Required action: Could the data below be retyped exactly, without its pictures?

######

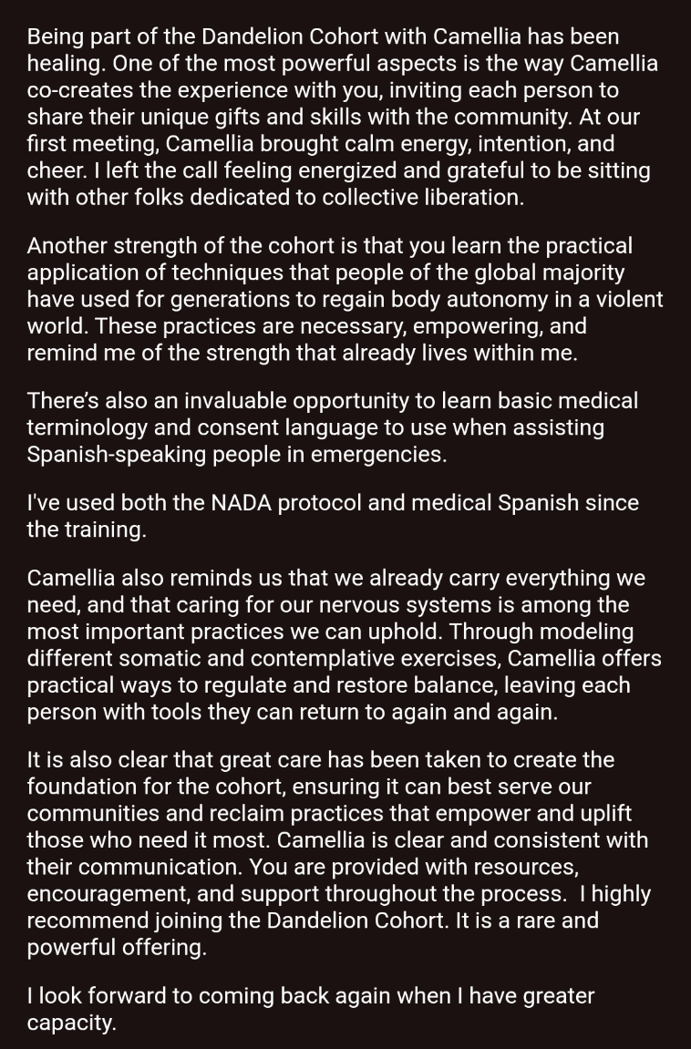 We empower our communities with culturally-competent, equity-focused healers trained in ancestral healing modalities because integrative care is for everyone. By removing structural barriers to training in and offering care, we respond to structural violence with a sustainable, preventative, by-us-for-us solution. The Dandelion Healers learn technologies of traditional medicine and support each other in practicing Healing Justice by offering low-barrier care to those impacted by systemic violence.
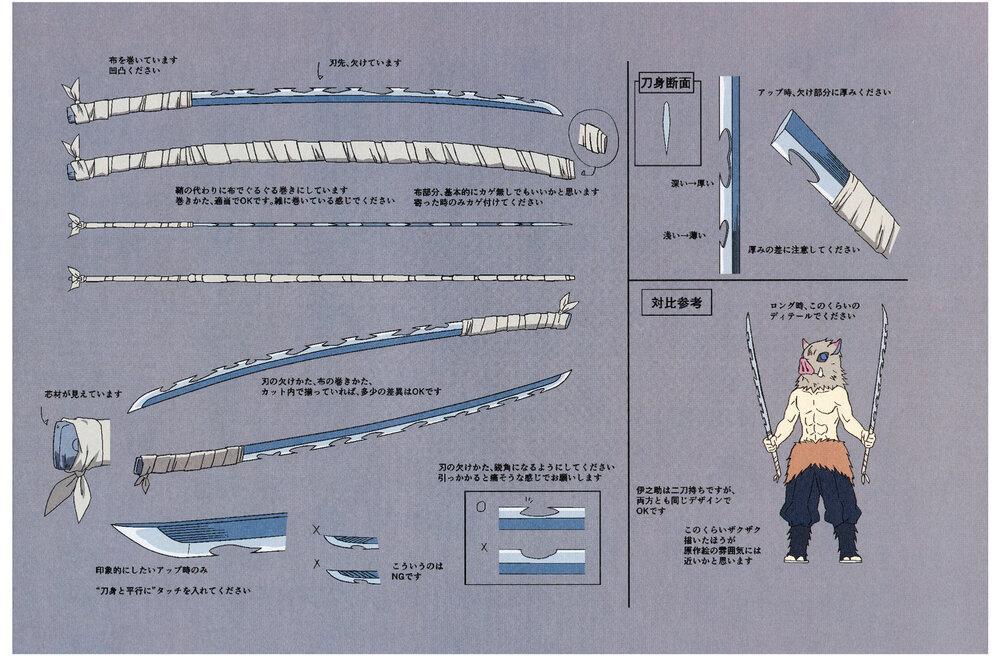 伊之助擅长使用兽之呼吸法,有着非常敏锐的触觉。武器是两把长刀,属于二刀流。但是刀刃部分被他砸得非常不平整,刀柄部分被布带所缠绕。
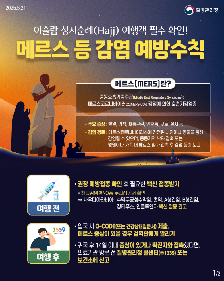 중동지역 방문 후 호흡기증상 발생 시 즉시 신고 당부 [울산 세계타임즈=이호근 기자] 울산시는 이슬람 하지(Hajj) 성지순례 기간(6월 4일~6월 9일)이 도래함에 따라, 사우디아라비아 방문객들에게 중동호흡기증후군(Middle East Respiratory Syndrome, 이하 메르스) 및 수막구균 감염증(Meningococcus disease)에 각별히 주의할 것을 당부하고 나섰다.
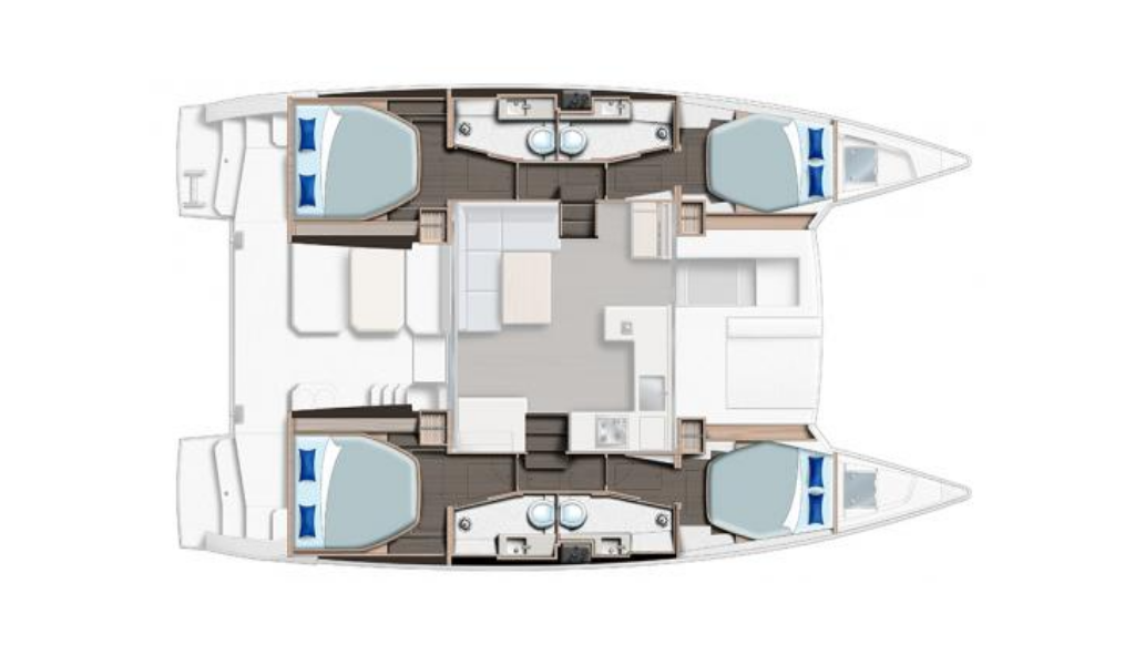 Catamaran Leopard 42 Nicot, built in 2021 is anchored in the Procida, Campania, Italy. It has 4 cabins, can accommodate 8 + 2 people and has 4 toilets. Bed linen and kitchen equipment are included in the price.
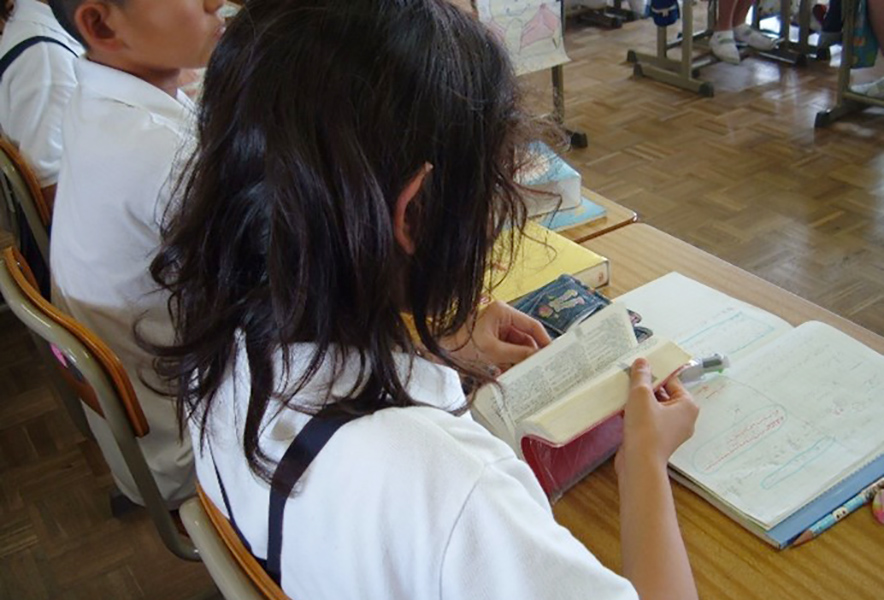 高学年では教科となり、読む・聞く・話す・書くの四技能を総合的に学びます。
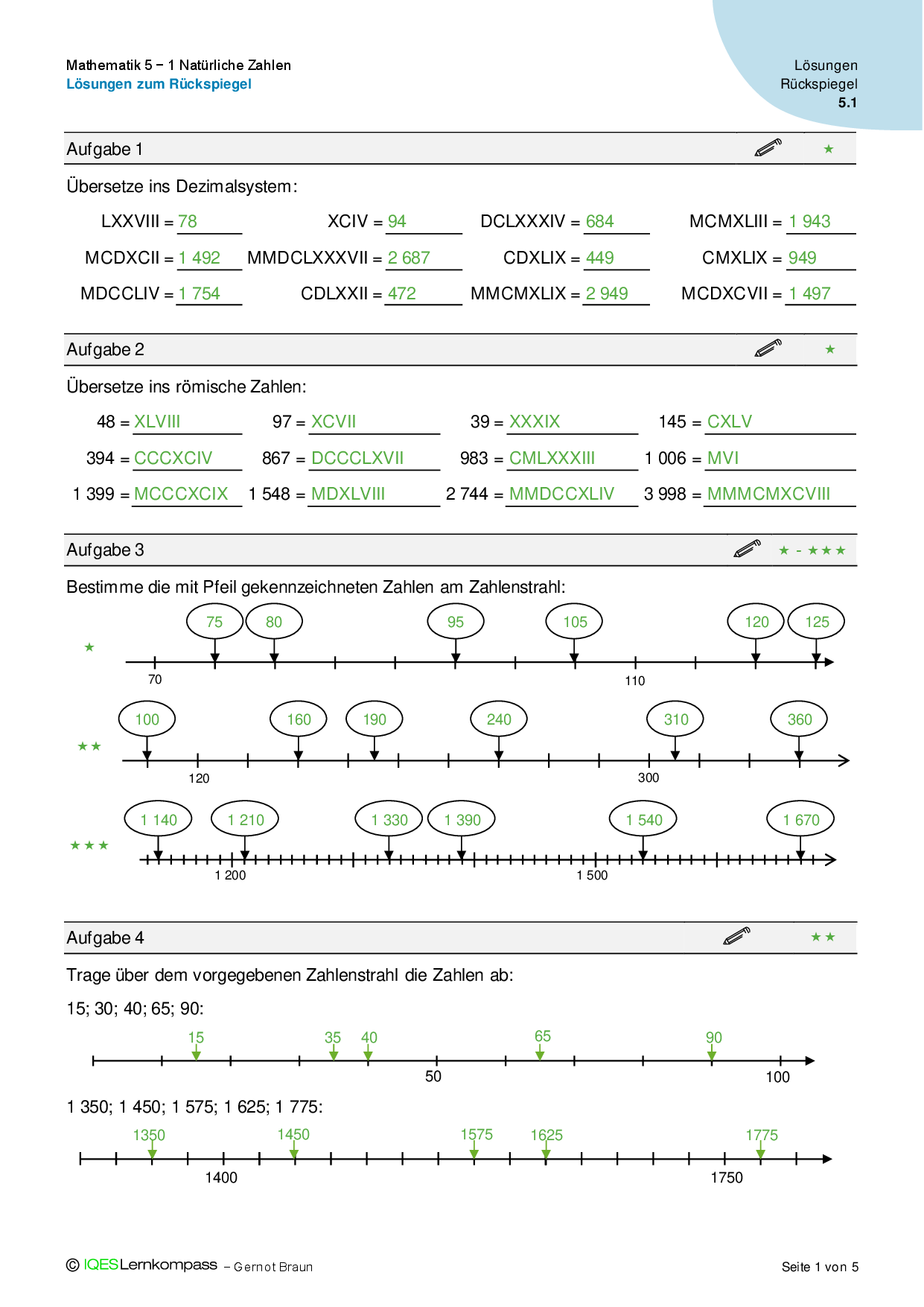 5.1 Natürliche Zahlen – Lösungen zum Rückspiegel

######

Result of this task:
 We empower our communities with culturally-competent, equity-focused healers trained in ancestral healing modalities because integrative care is for everyone. By removing structural barriers to training in and offering care, we respond to structural violence with a sustainable, preventative, by-us-for-us solution. The Dandelion Healers learn technologies of traditional medicine and support each other in practicing Healing Justice by offering low-barrier care to those impacted by systemic violence.
 伊之助擅长使用兽之呼吸法,有着非常敏锐的触觉。武器是两把长刀,属于二刀流。但是刀刃部分被他砸得非常不平整,刀柄部分被布带所缠绕。
 중동지역 방문 후 호흡기증상 발생 시 즉시 신고 당부 [울산 세계타임즈=이호근 기자] 울산시는 이슬람 하지(Hajj) 성지순례 기간(6월 4일~6월 9일)이 도래함에 따라, 사우디아라비아 방문객들에게 중동호흡기증후군(Middle East Respiratory Syndrome, 이하 메르스) 및 수막구균 감염증(Meningococcus disease)에 각별히 주의할 것을 당부하고 나섰다.
 Catamaran Leopard 42 Nicot, built in 2021 is anchored in the Procida, Campania, Italy. It has 4 cabins, can accommodate 8 + 2 people and has 4 toilets. Bed linen and kitchen equipment are included in the price.
 高学年では教科となり、読む・聞く・話す・書くの四技能を総合的に学びます。
 5.1 Natürliche Zahlen – Lösungen zum Rückspiegel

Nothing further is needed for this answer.